Me viene a veces a la cabeza este género cuando observo los retos de lectura que proponen algunos blogs. Francamente, no siento demasiado interés por saber quién ha alcanzado la meta fijada en el reto, me gustaría mucho más conocer cómo esas lecturas han condicionado su vida. Pues es innegable que leer nos cambia.

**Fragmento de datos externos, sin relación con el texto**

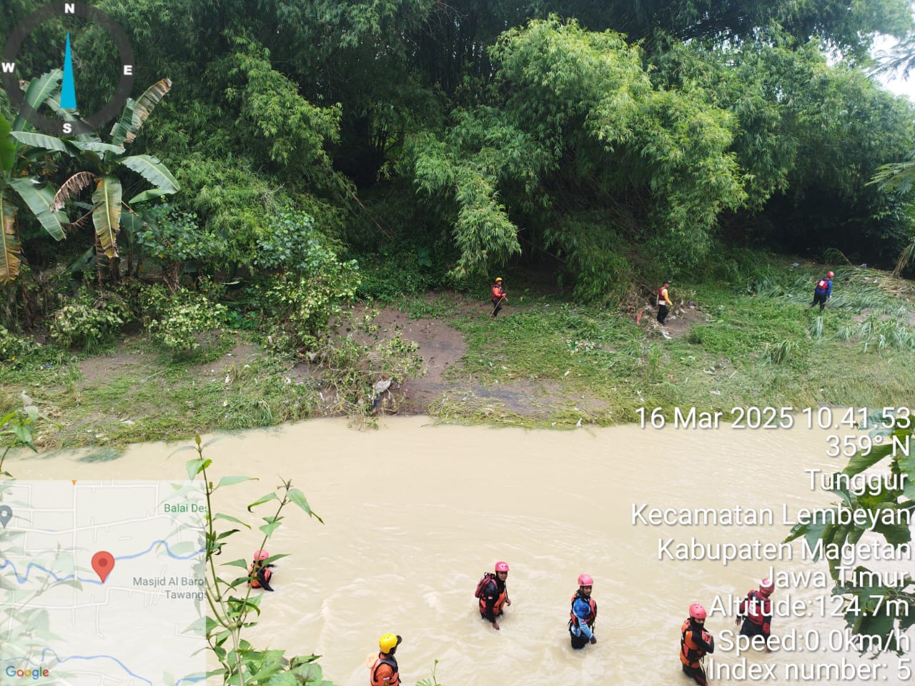 Magetan, BASARNAS – Adytya Yoga Pratama (23) ditemukan tim SAR gabungan sudah dalam kondisi meninggal, pada Senin (17/3/2025) di sungai Mermo, yang melintas di desa Lembeyan Wetan, kecamatan Lembeyan, kabupaten Magetan.

Sospecho que la fascinación que me producen las bibliomemorias es análoga a la curiosidad que siento cuando veo a alguien leyendo en el metro, o al impulso que me lleva, cuando entro en una casa desconocida, a husmear en su biblioteca. Si las lecturas nos forman -de eso no tenemos la más mínima duda-, saber qué libros ha leído una persona es un gran paso para empezar a conocerla. Y las bibliomemorias subrayan otra verdad incontestable: cada lector hace suyo el libro a su modo. Esas páginas impresas, siempre iguales mientras están cerradas, adquieren una nueva identidad con cada nuevo lector. Larga vida, pues, a las bibliomemorias. Ahora solo falta que lleguen al mercado en español, ya sea porque los editores se decidan a traducir alguna de las muchas que abundan en otros territorios, o porque los autores locales se lancen a escribirlas. ¿A qué esperan, bibliomemorialistas?